Adsl-Banda larga in tutta Reggio: obiettivo raggiunto!

Scritto il 13 ottobre 2010 da

Oggi è una grande giornata, per lo sviluppo economico e comunicativo di Reggio: da oggi tanti piccoli imprenditori, piccole aziende, liberi professionisti, cittadini vedranno risolversi i loro problemi. Pur dall’opposizione con un anno e mezzo di segnalazioni e proposte siamo riusciti a realizzare una parte del nostro programma e possiamo testimoniare lo straordinario lavoro fatto dall’assessore Graziano Grasselli a realizzare una parte decisiva del nostro programma. Reggio colmerà il cosidetto “DIGITAL DIVIDE” nei prossimi mesi. Una campagna iniziata con interrogazioni il 24 agosto 2009 sui disagi di Roncocesi e dove proponevamo un piano di copertura integrale e di raccogliere le segnalazioni dei cittadini, proseguita segnalando altri casi a San Bartolomeo, proseguito con una proposta concreta avanzata da una nostra mozione approvata il 15 ottobre 2009 per risolvere i problemi primariamente a Gavasseto, Rivalta, Roncadella, Sabbione, San Maurizio, San Bartolomeo.

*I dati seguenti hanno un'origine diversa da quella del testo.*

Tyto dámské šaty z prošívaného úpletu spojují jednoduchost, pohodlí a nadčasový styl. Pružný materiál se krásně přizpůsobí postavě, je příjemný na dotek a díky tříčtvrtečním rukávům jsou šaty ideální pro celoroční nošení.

Abbiamo denunciato ed oggi casi clamorosi come quello di una scuola di Gavasseto rimasta senza internet per 15 mesi o i disservizi della farmacia di Gavasseto. Oppure il caso di tanti piccoli imprenditori bloccati e danneggiati. Da lì è partita l’azione meritoria dell’amministrazione comunale con l’assessore Grasselli che vi ha creduto fino in fondo.

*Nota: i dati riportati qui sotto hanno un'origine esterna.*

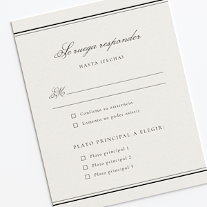 Cada invitación solicita una respuesta. Ahora, los invitados a la boda pueden responder de la forma más elegante con las tarjetas de RSVP letterpress. El aspecto y el tacto icónicos de la impresión tipográfica realzan este componente esencial del conjunto, creando un hermoso artículo de papelería que los invitados estarán encantados de enviar. Sus respuestas le ayudarán en todo, desde el recuento de invitados hasta las preferencias de comidas, por lo que la planificación se hace un poco más fácil, y más bonita.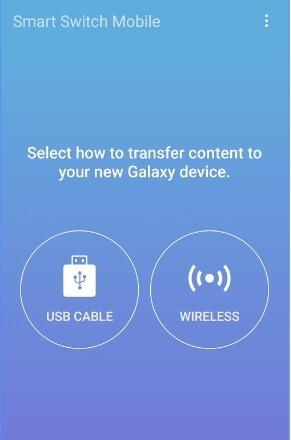 - 步骤 1. 下载并在您的 Samsung S22 智能手机上安装并启动 Smart Switch 应用程序。然后选择适当的方式通过 USB 或无线传输数据。如果您选择 USB 选项,请确保您有 USB 转闪电适配器来连接两个设备。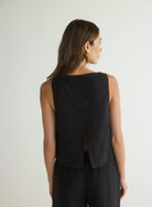 Effortlessly chic, the Sleeveless Boat Neck Split Back top combines minimalist design with unexpected details.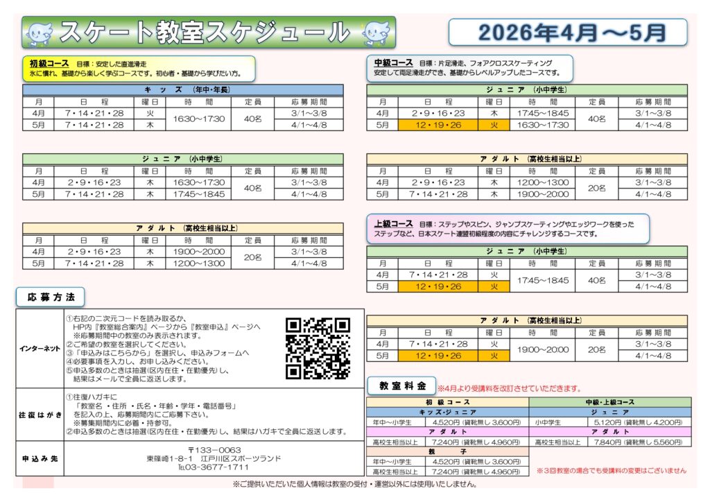 【追加募集】5月期スケート教室のおしらせ calendar_month2026年4月11日 5月期スケート教室の追加募集をいたします。(受付開始4月15日(水)9時から)※ 先着順 初級コース ・キッズ 【空き有り】 ・ジュニア 【空き無し】 ・アダルト 【空き有り】 中級コース ・ジュニア 【空き有り】 ・アダルト 【空き無し】 上級コース ・ジュニア 【空き有り】 ・アダルト 【空き無し】 ※4月15日時点 お申し込みはお電話またはスポーツランド窓口で受付ます。みなさまのご参加をお待ちしております。 スポーツランド TEL:03-3677-1711

Dall’esperienza di Reggio a livello provinciale e regionale abbiamo lanciato l’”Operazione Banda Larga” con centinaia di segnalazioni raccolte in tutta la Regione e che i consiglieri regionali del Movimento 5 Stelle portano all’attenzione della Regione per sviluppare meglio il suo piano e raddoppiare i fondi da investire. La prossima tappa dovrà essere la banda larghissima di ultima generazione, passando a 100 megabyte di velocità.